Por essa Europa, os governos aparentados com a designação “socialista”, são os melhor cumprem a tarefa de aprofundar a diferença abissal entre ricos e pobres. Utilizando uma linguagem “social” e “reformista”, vão levando a cabo uma vergonhosa política de submissão aos interesses do capital, desvalorizando o valor do trabalho, reduzindo a margem de manobra das organizações dos trabalhadores, promovendo de facto a precariedade e, no limite, o desemprego. Tem sido esta a linha do Partido Socialista no nosso País, sempre aliado à direita parlamentar, elegendo sempre os mesmo, como parceiros para aprovação de orçamentos, PECs e outras medidas penalizadoras dos trabalhadores. Aí sim, está a olhos vistos, uma conjugação de interesses, já que, na prática, são invariavelmente os mesmos: vão dividindo entre si os postos-chaves do aparelho de estado, da cúpula das empresas públicas e dos bancos, fontes propícias ao esbanjamento de recursos, espaços de partilha de regalias incomensuráveis e no limite, de escândalos sucessivos, alguns deles com resultados bem conhecidos.

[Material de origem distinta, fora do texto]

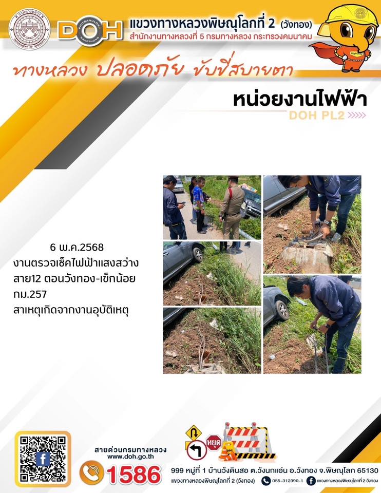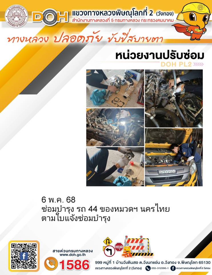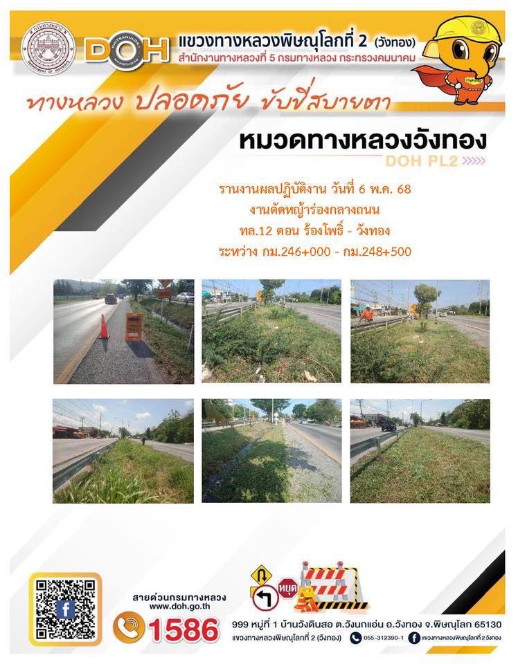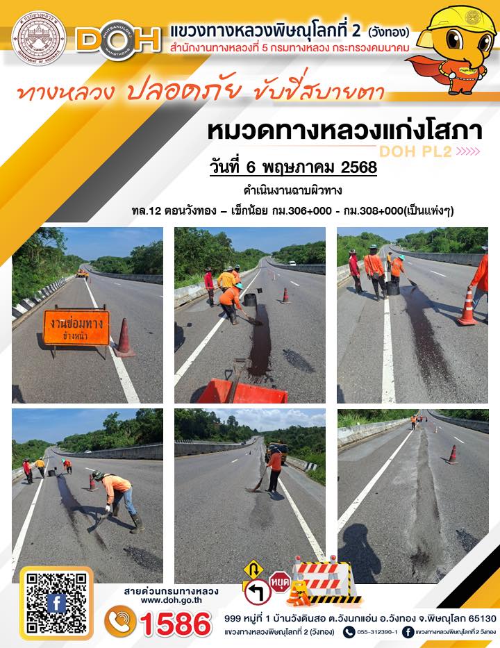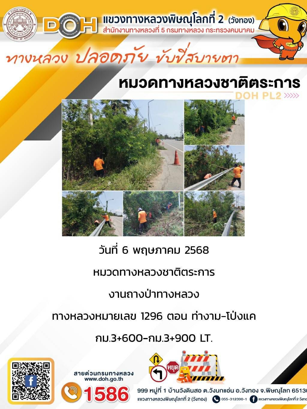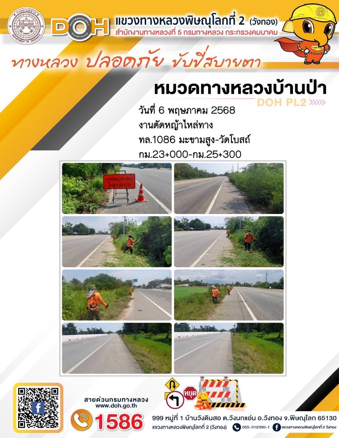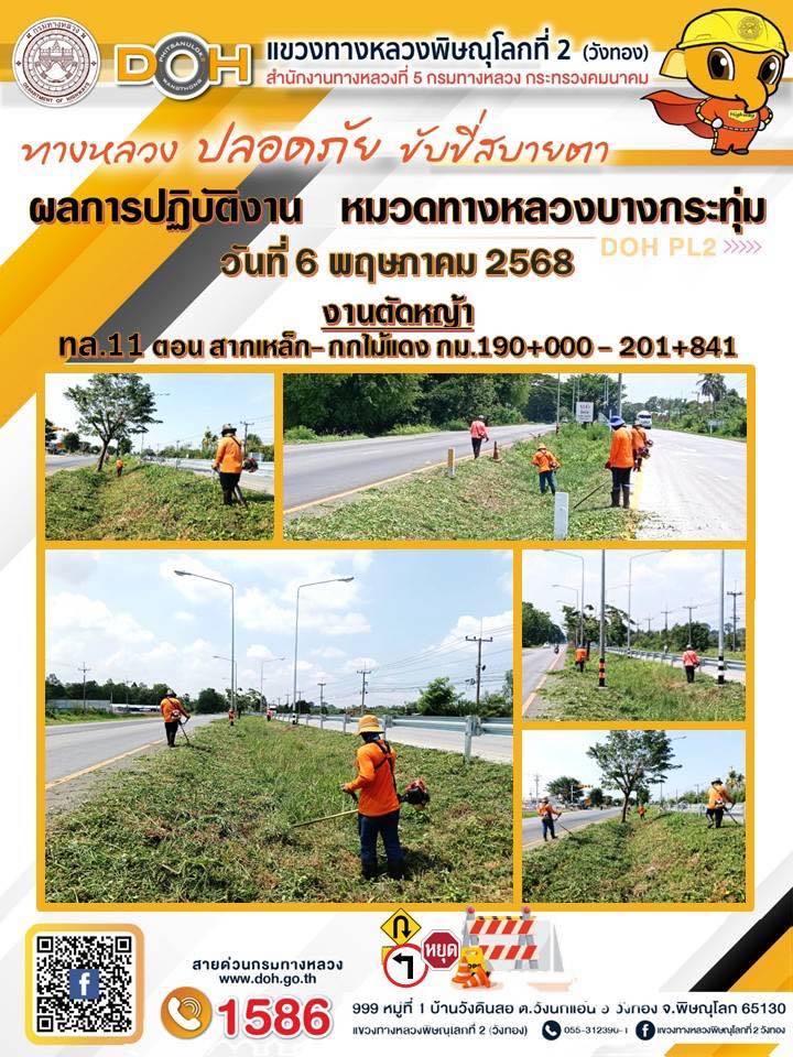 การปฏิบัติงานของ หมวดทางหลวง และ หน่วยงานในสังกัด เพื่ออำนวยความสะดวก และปลอดภัยให้กับประชาชนผู้ใช้เส้นทาง ประจำวันอังคาร ที่ 6 พฤษภาคม 2568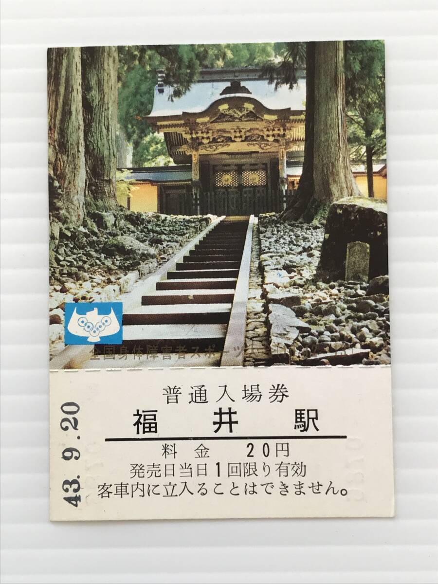 昔の切符 記念切符 全国身体障害者スポーツ大会 普通入場券 福井駅 昭和43年 福井駅発行  HF6700   くるり岸田繁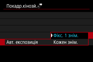 - Щоб скасувати покадрове записування відео, установіть для параметра [Покадр.] значення [Вимк.].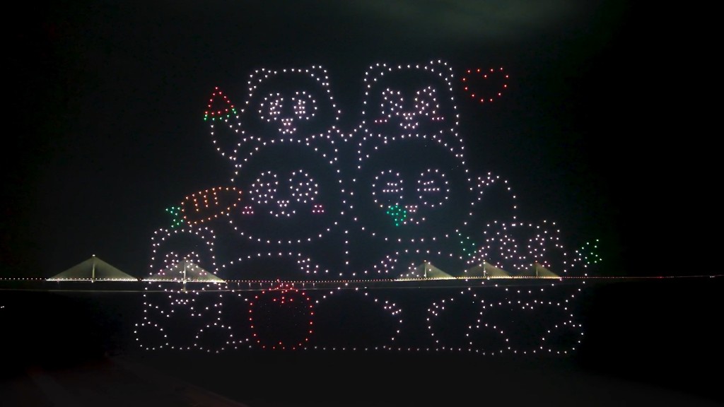 第二幕:熊貓為煙火無人機匯演揭開序幕。

A ameaça é mesmo ignóbil. Aos direitos dos trabalhadores, à sua dignidade pessoal e profissional. A redução progressiva do poder de compra e da estabilidade no emprego, induz o receio e o medo de represálias. O poder reivindicativo dos trabalhadores nestas condições é praticamente nulo. A sua inserção numa sociedade de liberdade e democracia é ferida de morte. Em Portugal, convém não esquecer, há 2 milhões de pessoas, perfeitamente arredadas de direitos, vivendo em condições de pobreza e/ou de pobreza extrema. Aquela que é apresentada agora pelo Governo como uma medida “patriótica e de interesse nacional”, o aumento do IVA para 23%, vai significar o aumento de preço dos bens essenciais, dos transportes, dos medicamentos, enfim de praticamente tudo, penalizando as camadas mais desfavorecidas da população.

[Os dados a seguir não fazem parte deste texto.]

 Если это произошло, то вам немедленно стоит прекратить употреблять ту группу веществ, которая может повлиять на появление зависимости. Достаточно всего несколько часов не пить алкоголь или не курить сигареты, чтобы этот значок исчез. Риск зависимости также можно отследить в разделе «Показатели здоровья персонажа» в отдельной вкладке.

A ameaça, para além de ignóbil, é também imoral. Estimula e amplifica as desigualdades. Merece repúdio generalizado. Implica uma resposta rápida e eficiente das organizações dos trabalhadores e outras organizações da sociedade civil. Como hoje já aconteceu em toda a Europa, nomeadamente em Bruxelas, com 100 mil manifestantes vindos de toda a União Europeia.